Twelve years in Hong Kong. Three children at English Schools Foundation schools across primary and secondary. A decision triggered by accumulated factors rather than a single event. Vancouver was on the table because of an aunt, a Canadian passport for two of the three, and what the parents described as "a clearer sense that the children should grow up somewhere with longer roots."
The school problem
ESF runs an IB Diploma and an internationally-recognised secondary pathway. Vancouver public schools follow the British Columbia curriculum, which leads to the Dogwood diploma. Vancouver private schools split between IB schools (Mulgrave, Stratford Hall) and traditional Canadian / British models (Crofton House, St George's, West Point Grey Academy). The family had to decide whether to preserve IB continuity (smaller school choice, higher fees) or transition to BC curriculum (wider choice, lower fees, but a curriculum switch for all three children).
How they decided
The eldest, in Year 10 at ESF, was eighteen months from starting the IB Diploma. The middle child, in Year 7, had not yet committed to a senior pathway. The youngest, in Year 4, was at the most curriculum-agnostic age. The family decided to keep IB continuity for the eldest by choosing Mulgrave School, and to use the move as a natural curriculum reset for the middle and youngest, both of whom went into the BC system at West Point Grey Academy.
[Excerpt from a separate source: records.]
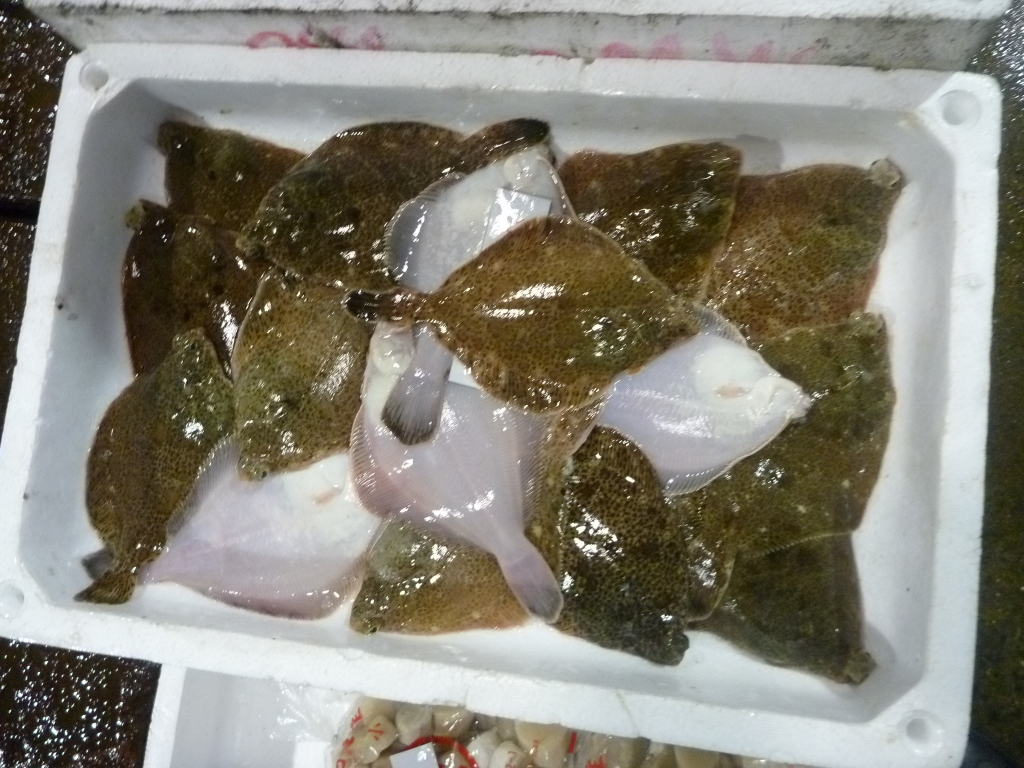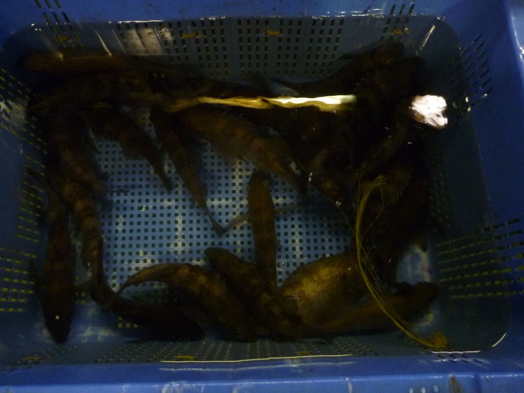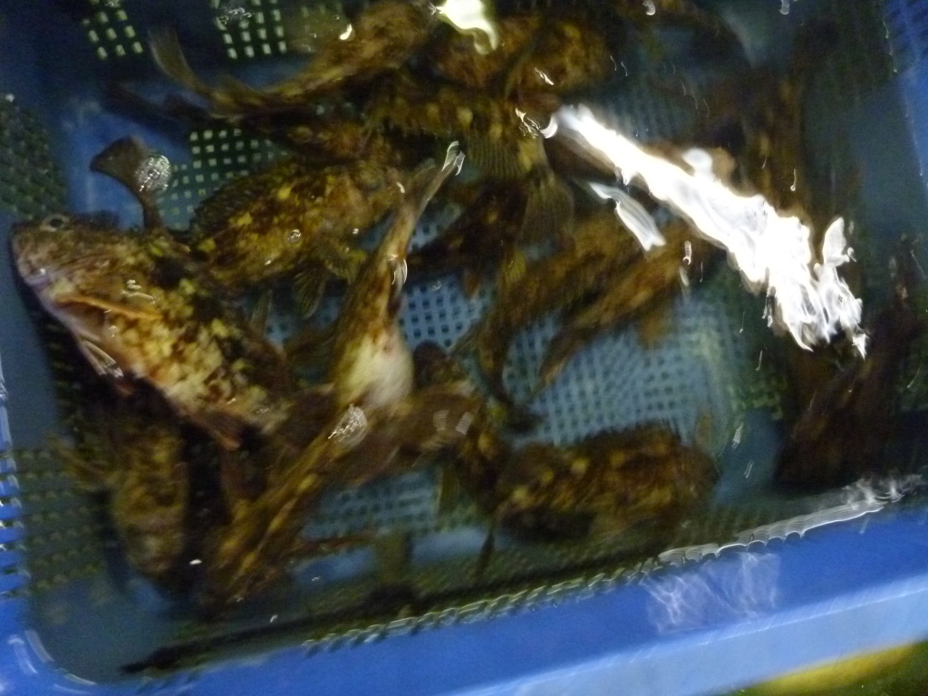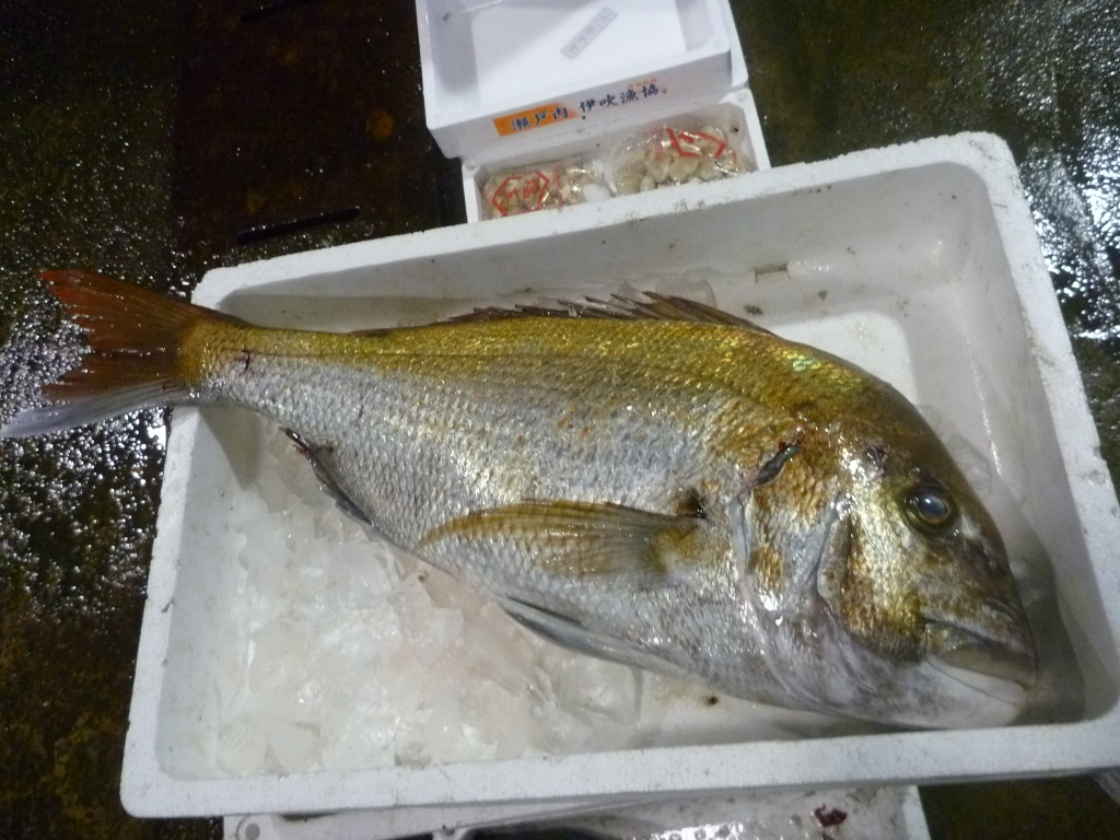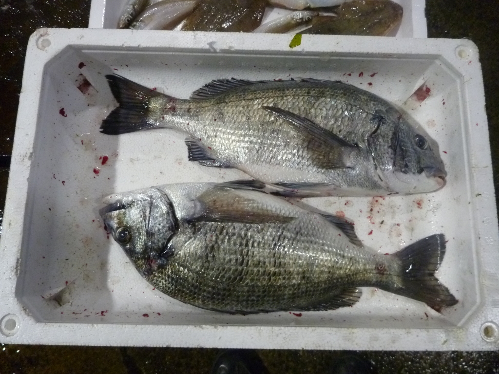 今朝の市場の漁獲物では、底引きのクロダイ、釣りのクロメバル、
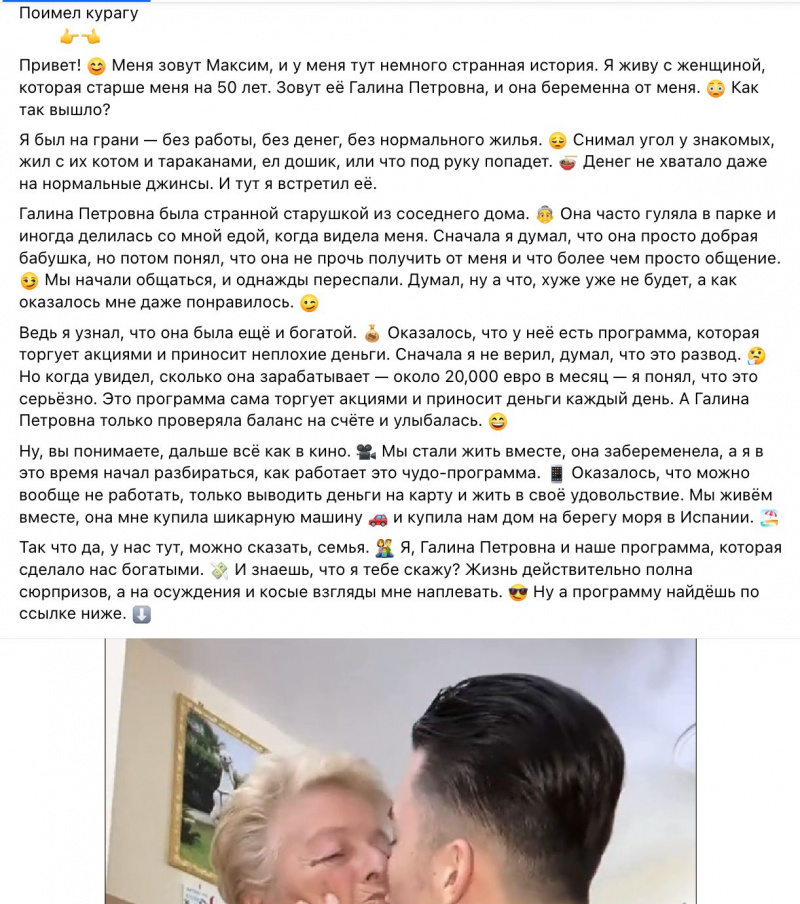 это ещё фигня - на тиндере и ко сидят кучи таких разводил, которые будут неделю тебя обхаживать, спрашивать как тебе дела, что тебе сегодня снилось и слать (ворованные у кого-то с инсты) фотки. А потом они расскажут, что приторговывают на фондовом рынке, да не сами, а с помощью какого-то дяди, тёти, свата, брата, у которого целый финансовый департамент (очень любят это слово), в котором сидят эксперты 24/7 и просто говорят тебе, что покупать и что продавать. Ну и ты типа такой должен заинтересоваться. Меня одна такая две недели обхаживала.
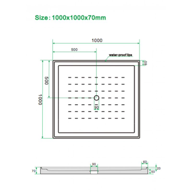 Shower Tray - Square Series 1000X1000mm Center x 1
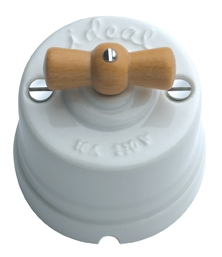 Porzellanschalter mit Drehmechanismus. Originaldesign, Replik der antiken Lichtschalter der ersten elektrischen Installationen. Erinnern an rustikale Umgebungen, geben Ihrer Einrichtung einen Vintagetouch. Aus-Wechselschalter (erlaubt das kombinierte Einschalten von zwei Punkten aus). Hergestellt aus Porzellan mit Schleife (Griff) aus Holz Oberfläche Buche (hell).
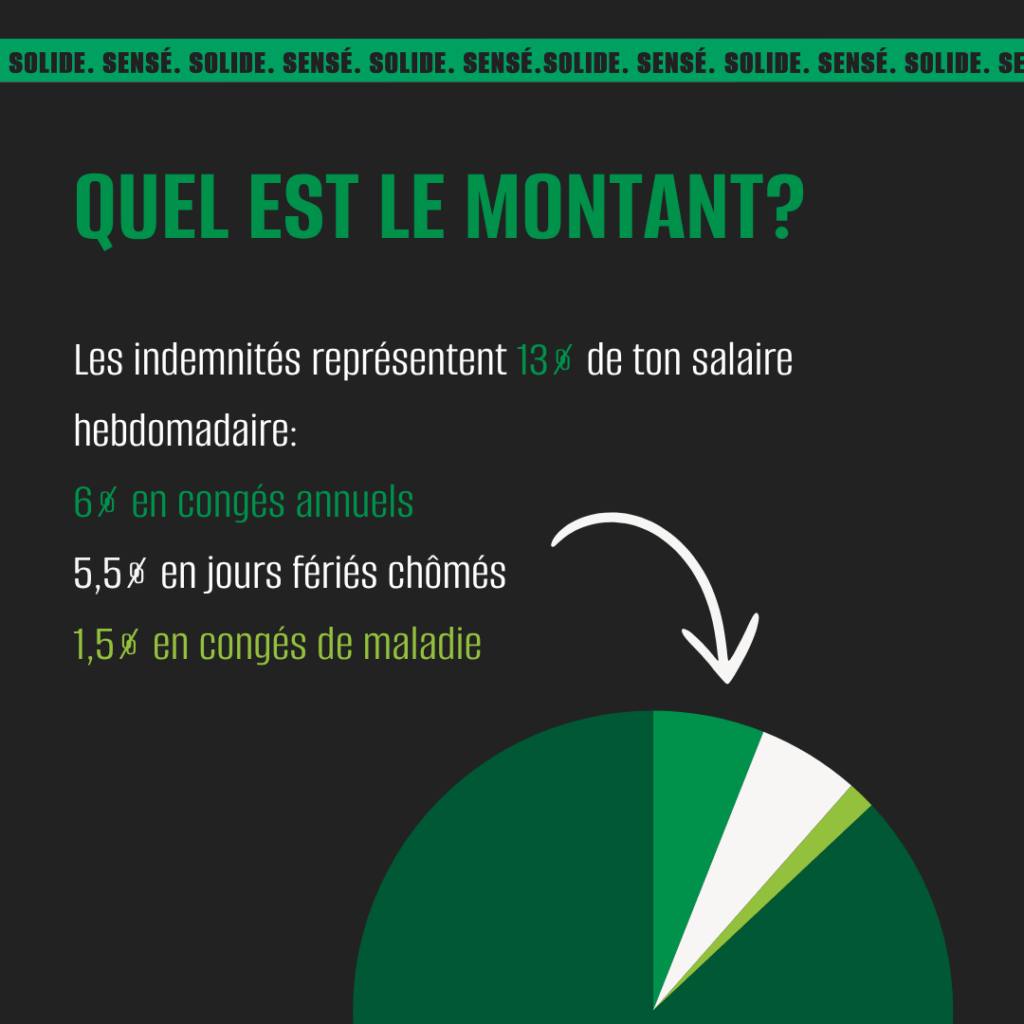 • votre paye de vacances (13 % de votre salaire brut, remise deux fois par année).
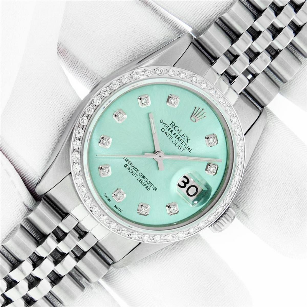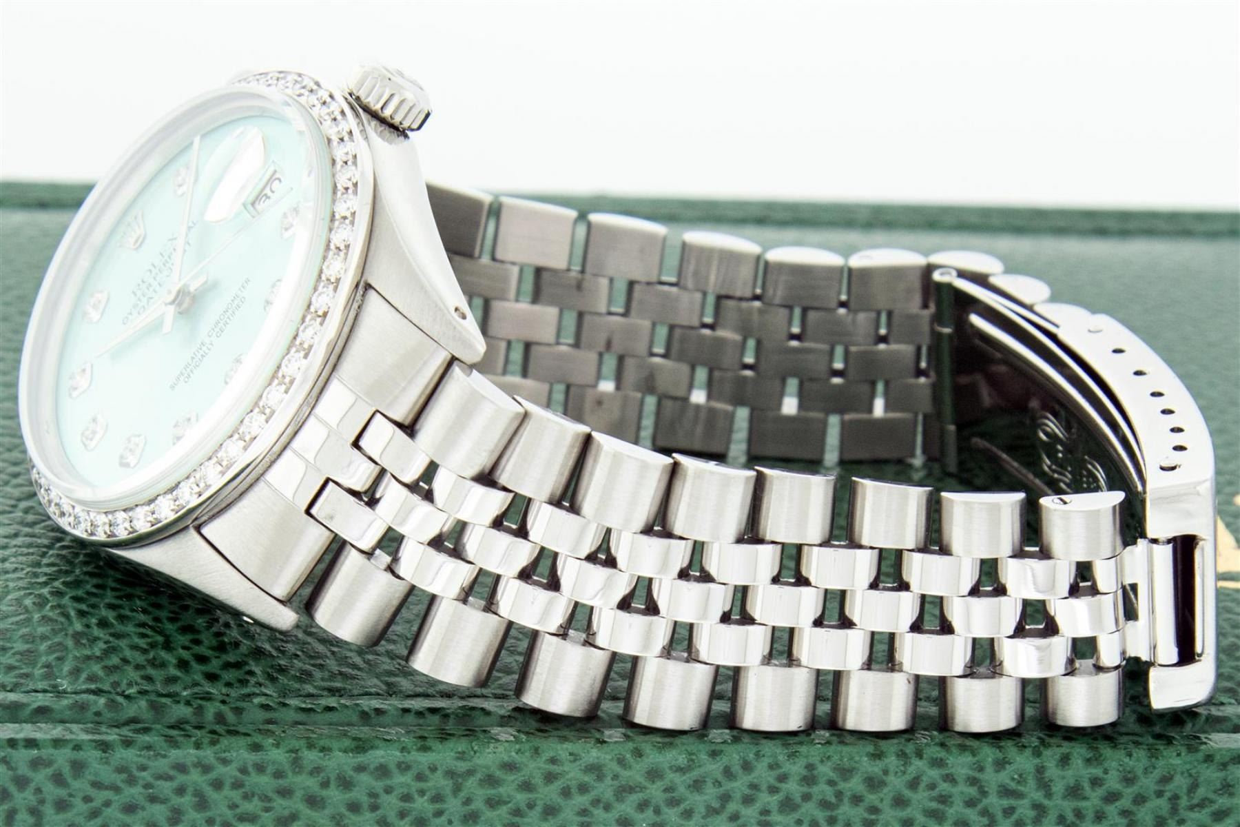 One Mens Stainless Steel Rolex Datejust Polished, Serviced & Electronically Tested, Stainless Steel Case: 36mm, Stainless Steel Crown, Custom Bezel: New 18K White Gold Beadset Diamond Bezel, Diamond Count: 44 Diamonds In Bezel, Total Weight 1.00 Carat, Cl
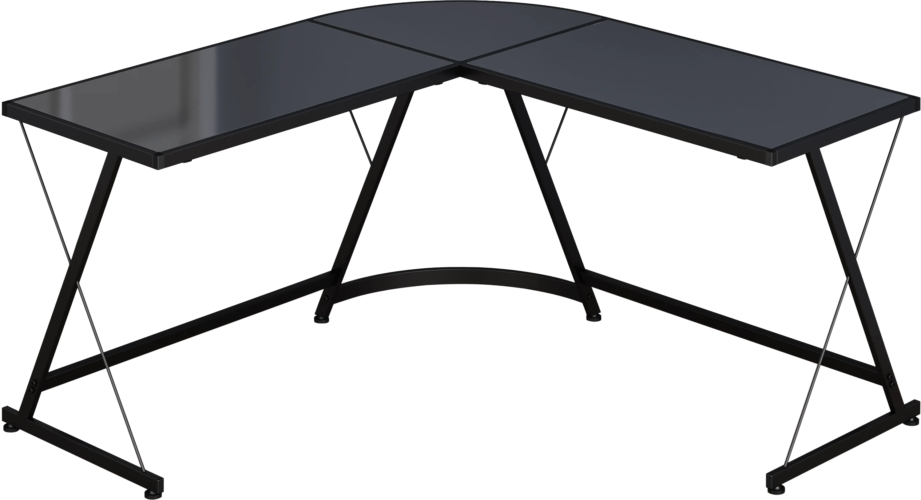 Material: Metal frame, powder coated finish, tempered safety glass. L-shaped 3 pieces corner table computer desk saves space in home office, dorm room. Foot rest bar allows for more comfort, Adjustable glides stabilizes / balances the desk on uneven floors. Measures 51″ W x 19″ D x 28.5″ H (51″ overall depth); Assembly required. Patent No: US D891820S1
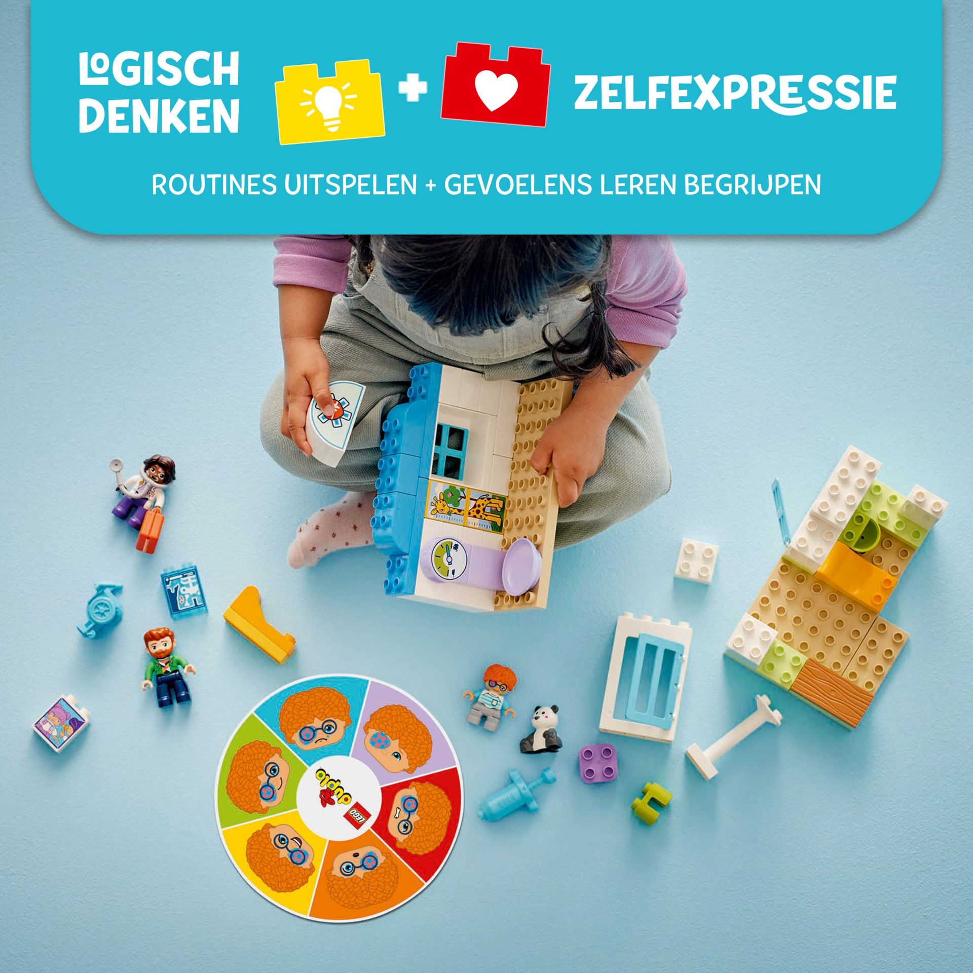 Dit bouwpakket is een geweldig cadeau voor peuters die van fantasierijk speelgoed houden. Met het meegeleverde speelwiel kunnen ouders en kinderen de verschillende emoties van de jongensfiguur verkennen om ze aan te moedigen hun gevoelens over het naar de dokter gaan te uiten. LEGO DUPLO speelgoed zit boordevol boeiende verhalen, alledaagse helden en diverse personages om peuters te helpen de wereld om hen heen te begrijpen.
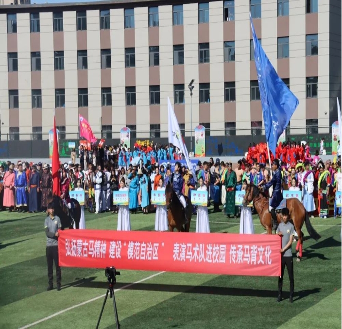 随着舞蹈的谢幕,男子二重唱《红旗飘飘》也响彻在校园的每一个角落,红旗飘扬献祖国,草原儿女共奋进,一段段动听的旋律唱响了同学们的爱国情怀,唱出了新时代青年积极向上的精神风貌。
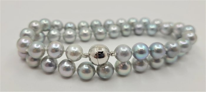Een prachtig parelcollier van zilverachtige zoutwater AAA Akoya parels met uitzonderlijke glans, afgewerkt met een magnetische bolsluiting in massief zilver.

The fee differential between the IB and the public BC route across three children was substantial, but the parents judged the eldest's continuity worth the cost for one of the three.
What surprised them
"We assumed the BC curriculum would be a step down from ESF. It isn't. It's different. The literacy and numeracy expectations are comparable. What the BC curriculum does less of is the breadth-by-design that the IB Primary Years Programme builds. Our middle child took a couple of months to get used to a more subject-segregated school day. He's fine now."
The Hong Kong exit
ESF was efficient on transcripts and references. The HK exit itself was administrative noise (managing exit tax, school deposits returned, the standard end-of-tenure logistics). The Canadian inbound was unexpectedly smooth: both the IB school and the BC school had received Hong Kong transfers before and had pre-built admissions packs for that route.
One year on
"The eldest is two-thirds through Diploma. Predicted grades came in stronger than at ESF, which we attribute partly to smaller class sizes at Mulgrave. The middle child is socially settled in a way he wasn't at ESF, where the year group churned a lot. The youngest is age-typical happy. We are confident this was the right move."